I hope this comment doesn't distract from the original issue's focus on the + character, but I think I have some additional findings that put the original question in a clearer context. I've just been investigating this issue and found a couple of simple tests that illustrate the range of problems this one fits into. I may have additional use cases to share, so I'll just call this "use case number 1", with 4 sub-cases (1a-1d):

1. Imagine that we are building an application that allows users to supply the name of a new resource or collection (say, in a web-based collection browser). To implement this we naturally look to the xmldb module, whose functions typically take a "collection URI" which "can be specified either as a simple collection path or an XMLDB URI". We wonder, does it make a difference whether we pass the name supplied by the user directly to xmldb functions for creating the resource/collection, or should we first pass this input through a URI-encoding function like xmldb:encode-uri? Is there a best practice or fool-proof method for taking a name and creating a resource with this name?

1a. Let's say the user wants to create a collection, "A加B" whose name happens to contain a Chinese character. If you create this collection by passing this "raw input" to the function, via xmldb:create-collection("/db", "A加B"), the function returns an encoded URI result: "/db/A%E5%8A%A0B". (This is the same value as xmldb:encode-URI("/db/A加B"). Once the collection is created, you have to address this collection via its URI-encoded name; in other words, xmldb:collection-available("/db/A加B") will fail with a "Collection not found" error, but xmldb:collection-available(xmldb:encode-URI("/db/A加B")) does return the expected result, true(). So at first, it appears that whether you pre-encode the URI when creating the resource or not, eXist applies encoding when it's needed: eXist does the "right thing" and doesn't double-encode the input.
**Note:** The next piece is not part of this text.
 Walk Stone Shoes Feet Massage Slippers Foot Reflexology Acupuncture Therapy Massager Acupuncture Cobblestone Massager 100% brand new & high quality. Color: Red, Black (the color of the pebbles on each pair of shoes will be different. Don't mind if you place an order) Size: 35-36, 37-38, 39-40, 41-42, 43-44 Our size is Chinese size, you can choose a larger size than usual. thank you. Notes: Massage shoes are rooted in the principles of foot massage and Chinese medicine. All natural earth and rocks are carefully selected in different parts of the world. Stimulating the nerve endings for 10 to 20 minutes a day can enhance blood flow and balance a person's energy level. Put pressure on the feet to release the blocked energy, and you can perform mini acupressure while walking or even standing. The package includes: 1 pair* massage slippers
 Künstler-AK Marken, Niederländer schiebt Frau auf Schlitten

1b. Let's say the user wants to create a collection, "A+B", "A=B", or "A@B". Unlike case 1a, xmldb:create-collection creates different resources depending on whether you give it raw or encoded strings. Without pre-encoding the names, the function creates collections with the raw, original values. But if you pre-encode the names, the result is a second set of resources - "/db/A%2BB", "/db/A%3DB", or "/db/A%40B", respectively.

1c. Let's say the user wants to create a collection, "My Project 2018" (note the space characters). Unlike case 1a and 1b, xmldb:create-collection raises an error when you pass it a value that contains a space. The only way to create this collection is to pre-encode the name.
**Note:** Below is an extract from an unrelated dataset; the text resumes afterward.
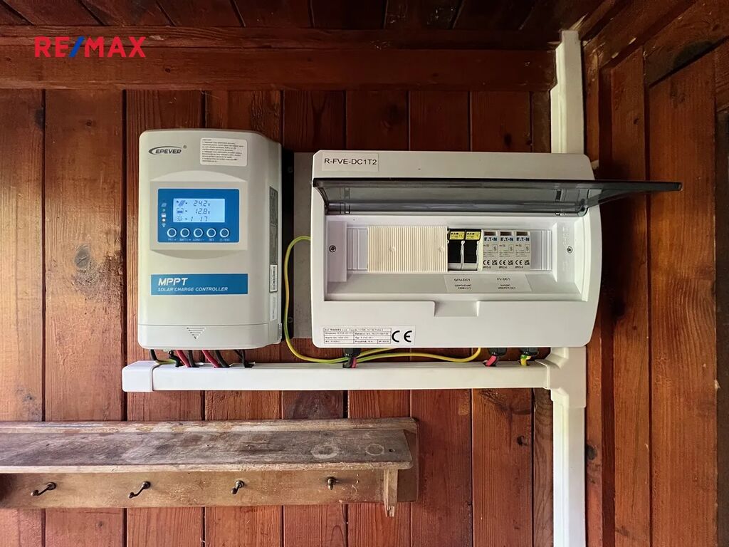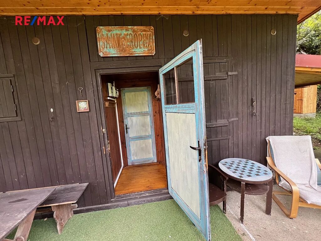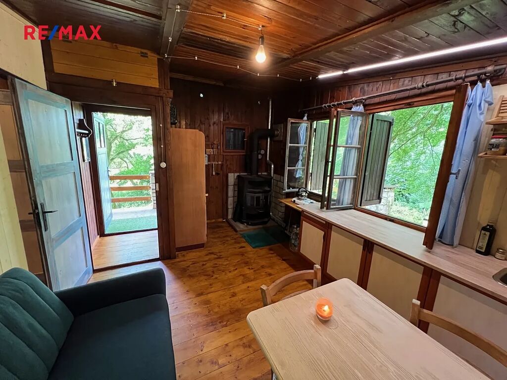 Romantický interiér nabízí obývací místnost s kuchyní a kuchyňskou linkou, stolem a židlemi, rozkládací gauč, krbová kamna. V pokoji se budete cítit jako u babičky, nebo jako na francouzském venkově... Manželská postel, obrázky, petrolejka, vůně přírody otevřeným oknem na terasu... Užitná plocha 25 m2, přivedena voda z IBC nádrže, na střeše solární panely s baterií a rozvodem po chatě na základní svícení a spotřebiče. U chaty je zbrusu nová latrína...

1d. Let's say the user wants to create a collection, "A/B" (note the slash). Unlike cases 1a, 1b, and 1c, xmldb:create-collection creates actually creates two collections! It creates collection "A" and a sub-collection "B". Now, slashes in resource names are generally a bad idea, but eXist allows them through without raising an error, whether you pre-encode the collection name or not.

In conclusion, these cases suggest that eXist sometimes silently performs URI-encoding, sometimes doesn't, and may produce identical or different results when you pre-encode a collection name depending on the characters used, and may raise different errors or produce unexpected outcomes if you don't pre-encode. These differences make it difficult to create applications that handle characters consistently, and thus cause users confusion when they encounter inconsistency or errors caused by this design.

Lastly, an observation: of all of eXist's interfaces, I am surprised to say that WebDAV is by far the best. Its handling of user-provided resource and collection names is consistent and predictable. WebDAV clients let users create resources using the characters they can type, and see and interact the resources as they created them. Behind my probing here is my desire to bring this level of consistency to eXide. I'd also like to see this consistency across all these interfaces, so users who upload a document via WebDAV can find it and rename it with the Java admin client and edit it with eXide - with no 404s or mangled characters.

[dizzzz]

I am surprised to say that WebDAV is by far the best
:-)

the webdav extension fully relies on the encoding/decoding feature of the 3rd party library

[joewiz]

I've just been re-reading @shabanovd's comments about this issue of resource names in past threads. What he says suggest that perhaps we shouldn't be looking one character at a time (like +), but should consider a wholesale review of how XMLDB URIs are handled within eXist. Here are some key phrases from @shabanovd's comments:

Internally eXist keep paths as string (utf-8, java default encoding)... The problem that it's mess at front-end representation right now. We should clean it up, but because that changes will break backward compatibility. (adapted from #1344 (comment))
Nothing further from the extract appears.